Tactician’s API provides external machine learning agents with Coq’s internal
knowledge-base of mathematics. It can extract large-scale datasets from a wide
variety of Coq packages for the purpose of offline machine learning.
Additionally, it allows agents to interact with Coq. Proving servers can be
connected to Tactician’s synth
tactic and prove theorems for Coq users.
Additionally, servers can do proof exploration through the Tactician Explore
command. Examples of external proving agents include Graph2Tac & Text2Tac.

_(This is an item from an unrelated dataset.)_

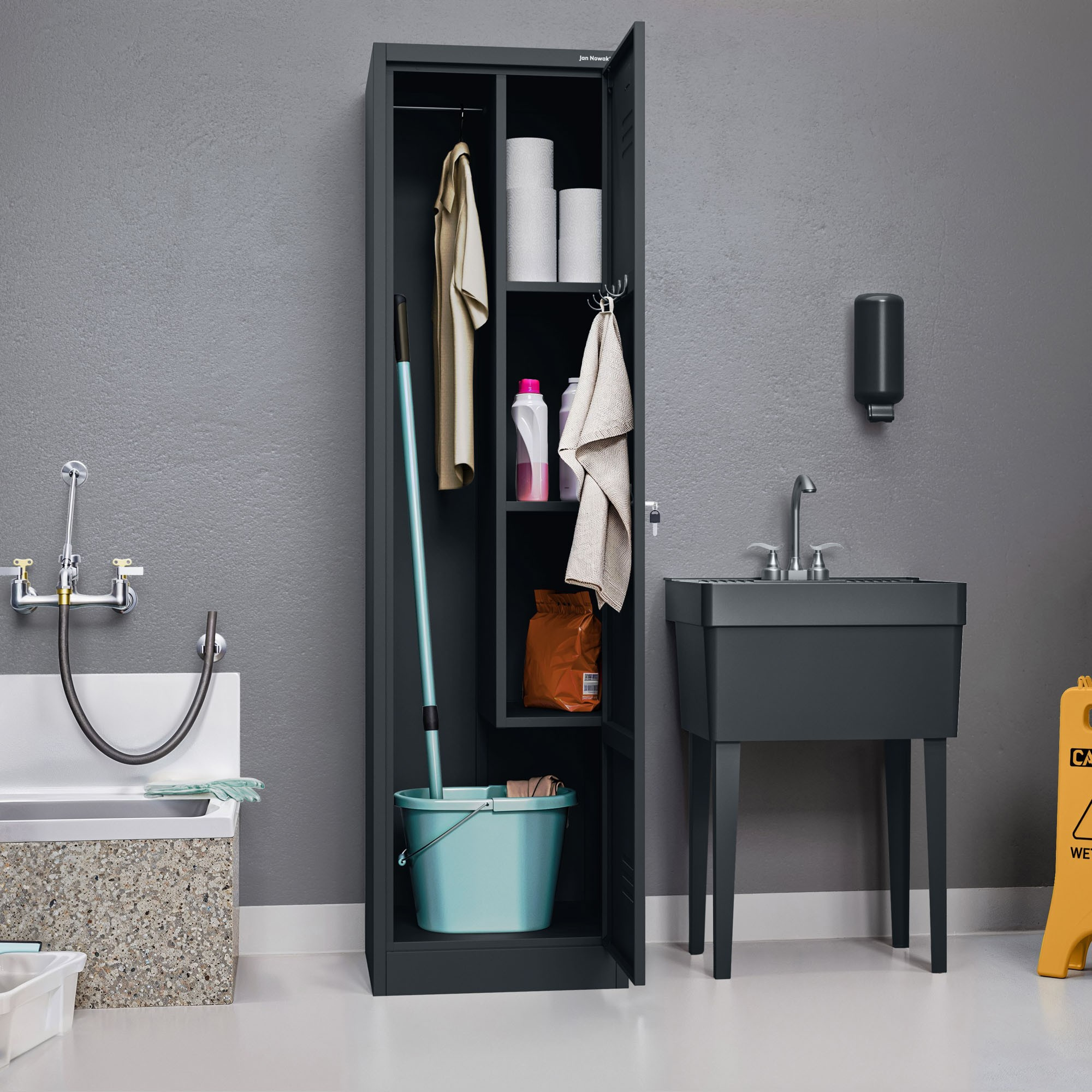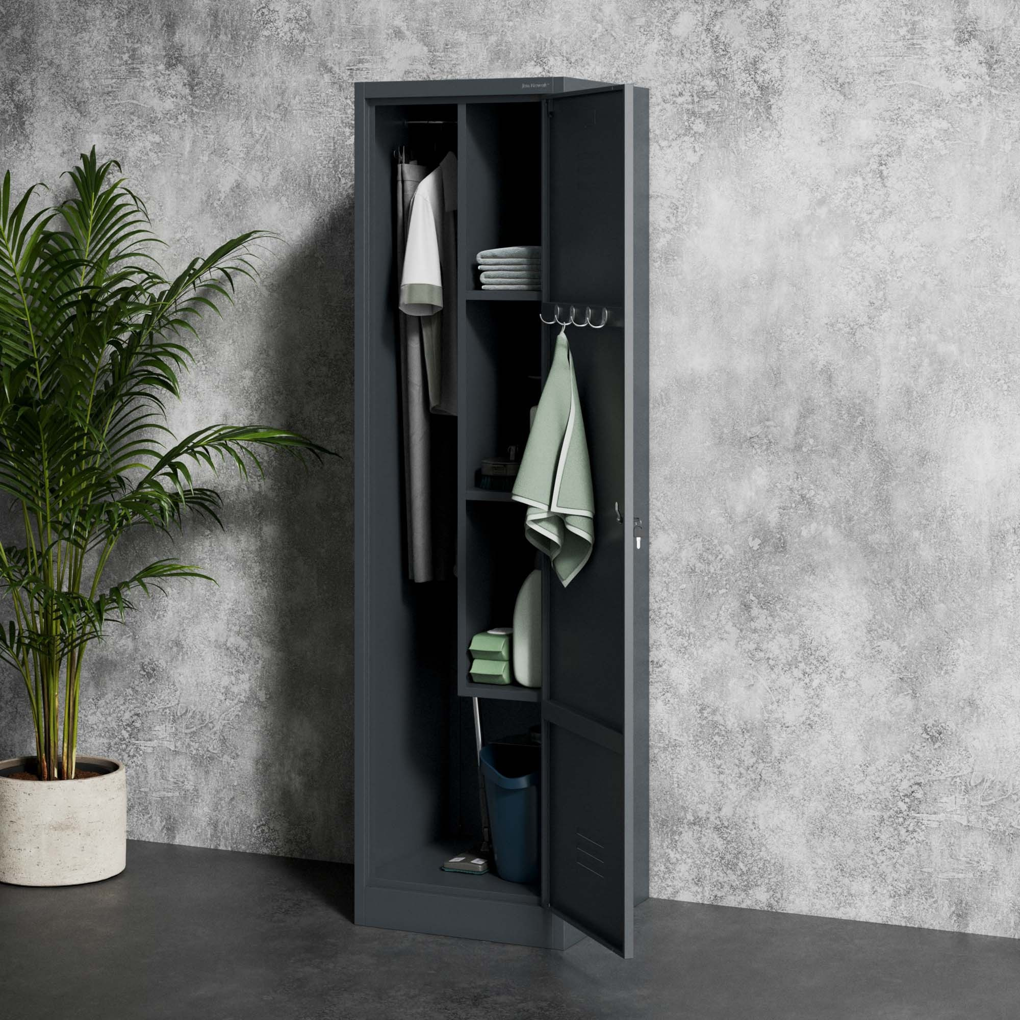 Antracitová kovová úklidová skříň AGNES – Uspořádejte si svůj prostor s elegancí a efektivitou!

The data provided to agents includes definitions, theorems, proof terms and a machine-readable representation of tactical proofs. The data is provided both in Coq’s standard text-based human-readable format and as a semantic graph. The semantic graph is a single interconnected object that includes the entire mathematical universe known to Coq (at a given moment in time). As such, it provides external agents with “complete information” of Coq’s internal state, instead of “incomplete information”. The agent does not need to query Coq for information about theorems or definitions, because it has an always-up-to-date view.
The graph is designed to represent the semantic meaning of a mathematical object
as faithfully as possible, minimizing the amount of implicit knowledge needed to
interpret the object. For example, when a definition X
refers to another
definition Y
, such a dependency is encoded explicitly using an edge in the
graph. No definition lookup table is need. We also shy away from using names or
de Bruijn indices as variables. Instead, variables point directly to their
binders, so that name lookup becomes a trivial operation. Such an encoding
reduces alpha-equivalence between terms to the graph-theoretic notion of
bisimilarity, and allows us to globally deduplicate any alpha-equivalent terms
in the graph.
A simple example of the semantic graph is shown below. An entire Coq document is
converted into a single graph. Alpha-equivalent sub-terms, such as 2*
are
globally shared. The graph includes all transitive objects referenced by
the document, such as nat
, =
, +
and *
(shown with a truncated tree here).
A zoomed-out view of the graph is visualized on the top of this page. This graph contains all information encoded in Coq’s Prelude. See the paper for details on the construction of the graph.
Communication with agents happens through the Cap’n
Proto serialization format and remote procedure calling
(RPC) protocol. It supports a wide variety of programming languages, including
Python, OCaml, C++, Haskell, Rust and more. This serialization was chosen
because it allows us to memory-map (mmap
) large graph datasets, allowing fast
random-access to graphs that may not fit into main memory. Furthermore, Cap’n
Proto’s RPC protocol, based on the distributed
object-capability model,
allows us to export Coq’s proof states to external agents. Agents can inspect
the proof states, and execute tactics on them, allowing exploration of the proof
search space in arbitrary order.
Overview of the platform
Tactician’s API is meant to provide a bridge between the machine learning community and the proof engineering community. On the one hand, ML researchers can leverage the formal knowledge generated by proof engineers to build, train and evaluate agents. In return, these agents can be provided to proof engineers to assist them in synthesizing more formal knowledge. Agents can be integrated into the day-to-day workflow of proving and programming in Coq.
Components include:
- Graph2Tac & Text2Tac: Pre-trained models that can make tactic predictions and integrate with Tactician’s
synth
command. The first model uses the graph-based representation while the second model uses human-readable text. - Datasets: Pre-made, large-scale datasets of formal knowledge extracted from a variety of Coq developments. Interactively explore the dataset here. The dataset includes hierarchies of modules, global context information, definitions, tactical proofs and tactic proof transformations.
- Coq Commands: Outlines the commands added to Tactician by
the package
coq-tactician-api
for the purpose of interacting with external agents. - PyTactician: A Python library build on top of Cap’n Proto to facilitate reading the dataset and interface with Coq.
- Benchmarking: Tools to evaluate the proving strength of agents on arbitrary Opam packages. Benchmarks can be run on a laptop, a high-powered server and even massively parallelized on a High Perfomance Computing (HPC) cluster.